In a successful analysis, there is enough known about the
person that there are multiple narrative arcs that support the life trajectory and
the analyst and analysand can traverse them together, checking on them,
elaborating on aspects of them, acknowledging that some aspects continue to be
unknown. And, at least in my own
experience of my own analysis, continuing to fit pieces together, to make sense
of who it is that I am – including how it is that the analysis itself fits into
the structure that I have come to appreciate undergirds me.

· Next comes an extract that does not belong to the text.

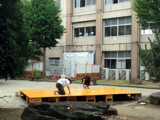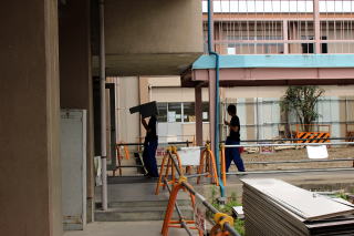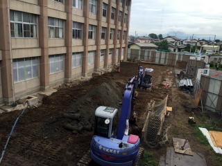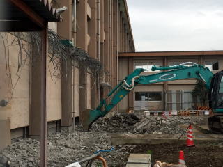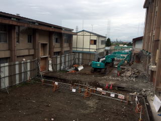 ご覧の通り2階の渡り廊下が取り壊されました。もちろん復元される予定ですが、大規模な工事に生徒・職員とも驚きの毎日です。

Perhaps the failure of this series to create that kind of
substructure is a mirror of the failure of Halston himself to do that. Perhaps he was depleted – by drugs, by his
own failure to integrate his ambitions with what he was truly capable of doing,
and perhaps ultimately by his failure to introspect. He remained focused, as so many artists are,
on the surface – the surface of the cloth, how it draped, and how it moved with
the person wearing it – and ultimately on the surface of the ocean – how the
waves and the colors created a kind of awesome beauty – that he didn’t weave
the kind of integrated story that might have allowed the threads to create a
more coherent tapestry.
So I am left wondering whose job it is to do the weaving. In my field, despite the inordinate attention
we pay to training, it is ultimately the patient who is the best predictor of
the outcome of a treatment. Could it be
that someone this complex outdoes the capacity of the writers to create a
satisfying narrative? Or is the
dissatisfaction in the narrative a way of communicating something essential
about the experience of the subject? Was
these something about Halston’s experience that was ultimately communicated by
the failure of the narrative to coalesce?
Was he feeling that he was at the mercy of the corporate world and
somehow unable to see his own role in his undoing? Would it have been false to have him
articulate something that was beyond his ken? Perhaps we are, like so many in his life, left
to put together the pieces and to clean up after the mess that he has created.
If Ray Kroc's life wasn't as dastardly as it was depicted as being in The Founder, I think we learned something about corporations and corporate greed. This series, in contrast, did not teach us as much as it might have about personal greed, and the hunger behind it. We came close to understanding the pathos of personal hunger in the third episode, but the series couldn't quite master just how darkly that very human vulnerability may have been expressed in the life of someone who flew as close to the sun as Halston did.